→ **Your instructions**:
The lines to transcribe begin with the one containing "9月14日下午,我院团总支、" and end with the last line below; reproduce them exactly, without the pictures.
--- Records supplied ---
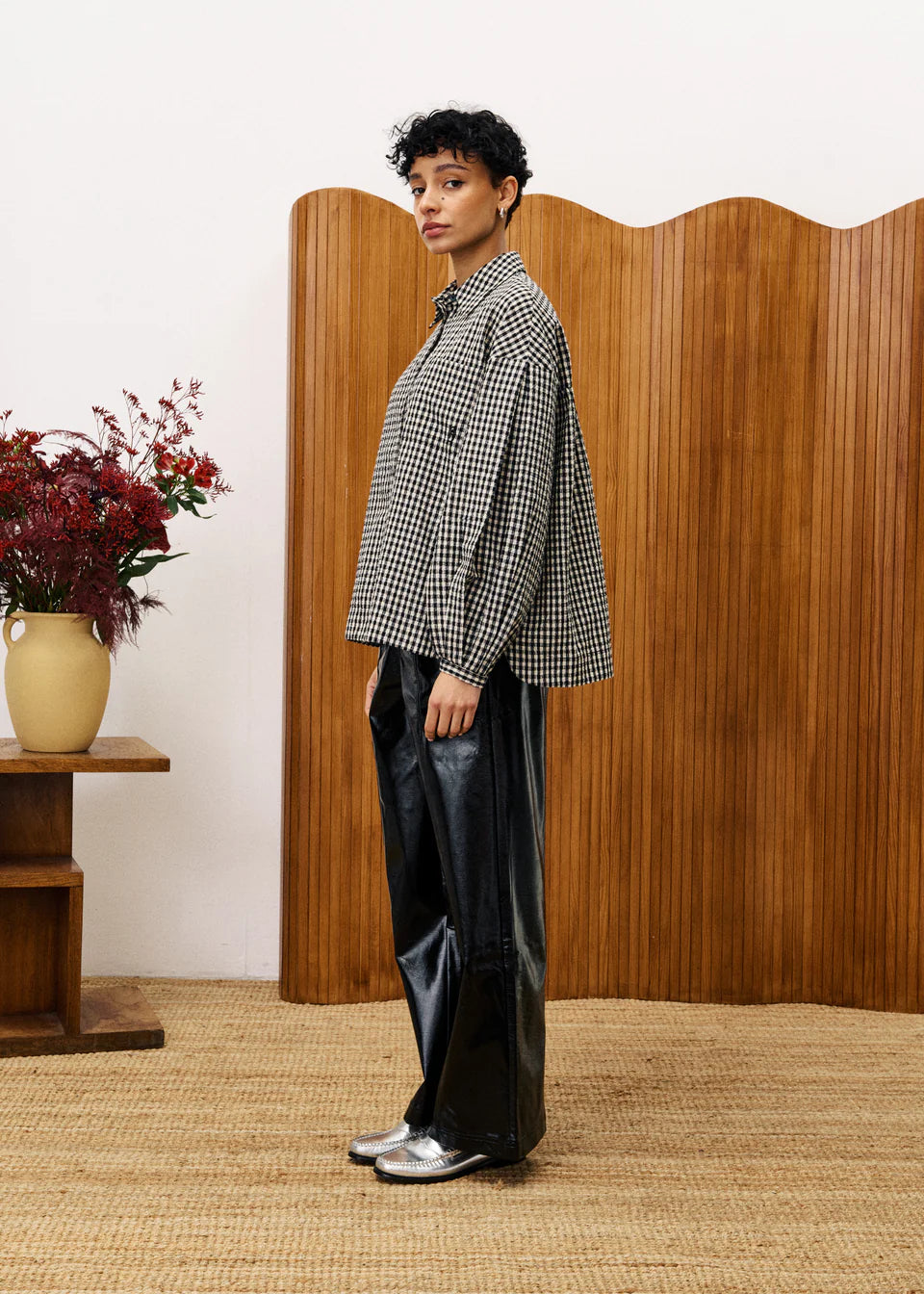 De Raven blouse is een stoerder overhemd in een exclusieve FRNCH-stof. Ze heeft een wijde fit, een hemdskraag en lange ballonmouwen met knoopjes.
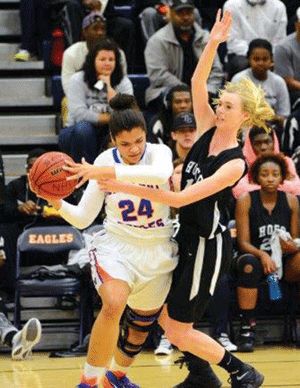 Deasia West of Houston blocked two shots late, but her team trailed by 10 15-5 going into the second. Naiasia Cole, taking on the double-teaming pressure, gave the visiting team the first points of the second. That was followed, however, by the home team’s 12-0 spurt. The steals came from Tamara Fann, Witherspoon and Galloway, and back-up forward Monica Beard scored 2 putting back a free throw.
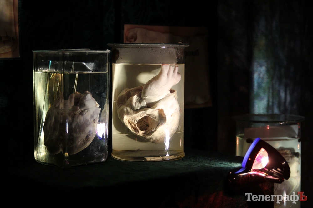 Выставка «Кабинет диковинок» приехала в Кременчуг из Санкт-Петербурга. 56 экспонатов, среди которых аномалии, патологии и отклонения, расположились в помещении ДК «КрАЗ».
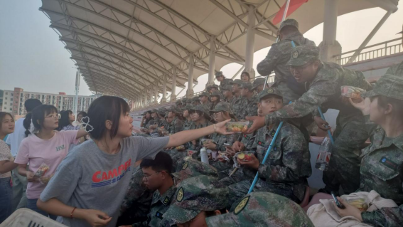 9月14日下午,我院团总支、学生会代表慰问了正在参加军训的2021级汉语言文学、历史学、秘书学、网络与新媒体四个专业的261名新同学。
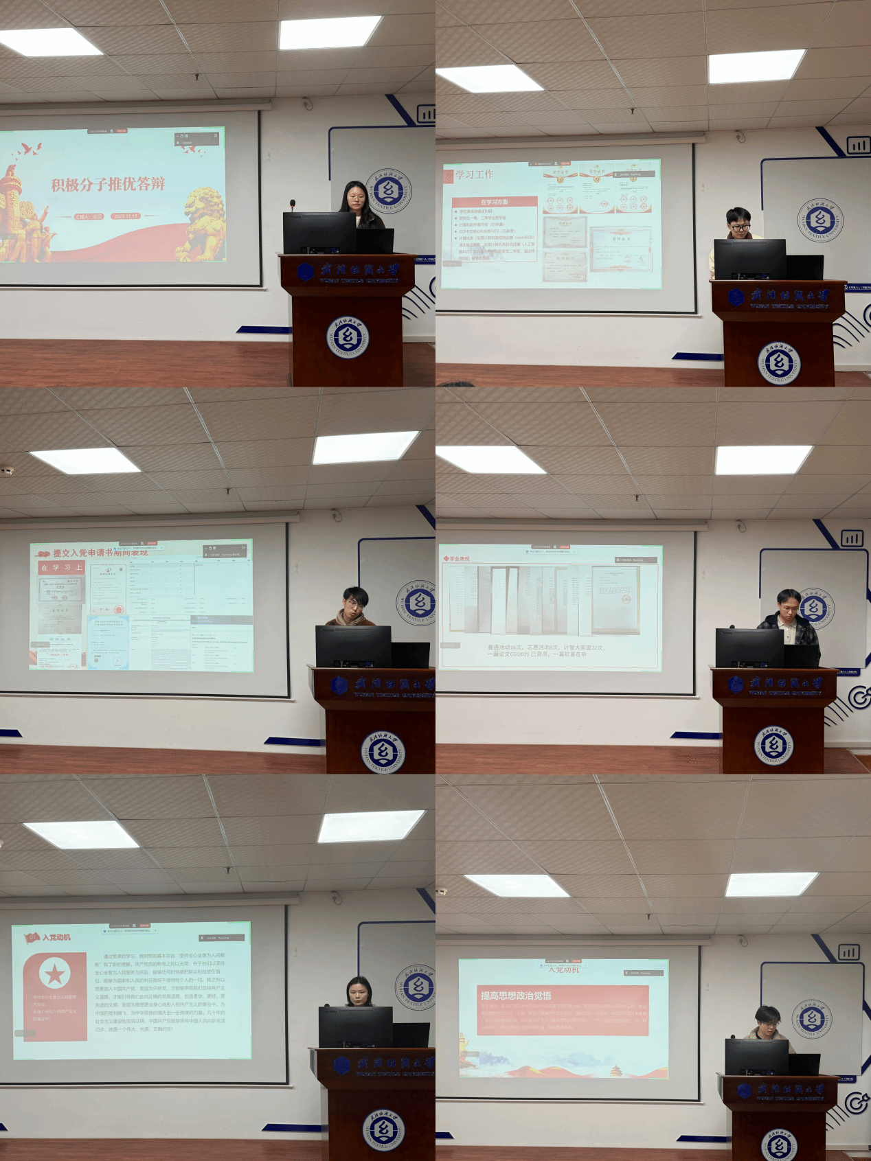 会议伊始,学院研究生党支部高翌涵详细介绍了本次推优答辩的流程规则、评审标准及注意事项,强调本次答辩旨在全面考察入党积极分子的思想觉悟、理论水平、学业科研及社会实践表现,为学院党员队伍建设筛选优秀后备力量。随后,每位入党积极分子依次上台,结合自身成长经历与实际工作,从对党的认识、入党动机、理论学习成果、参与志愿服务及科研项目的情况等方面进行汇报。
---
→ **Task solution**:
 9月14日下午,我院团总支、学生会代表慰问了正在参加军训的2021级汉语言文学、历史学、秘书学、网络与新媒体四个专业的261名新同学。
 会议伊始,学院研究生党支部高翌涵详细介绍了本次推优答辩的流程规则、评审标准及注意事项,强调本次答辩旨在全面考察入党积极分子的思想觉悟、理论水平、学业科研及社会实践表现,为学院党员队伍建设筛选优秀后备力量。随后,每位入党积极分子依次上台,结合自身成长经历与实际工作,从对党的认识、入党动机、理论学习成果、参与志愿服务及科研项目的情况等方面进行汇报。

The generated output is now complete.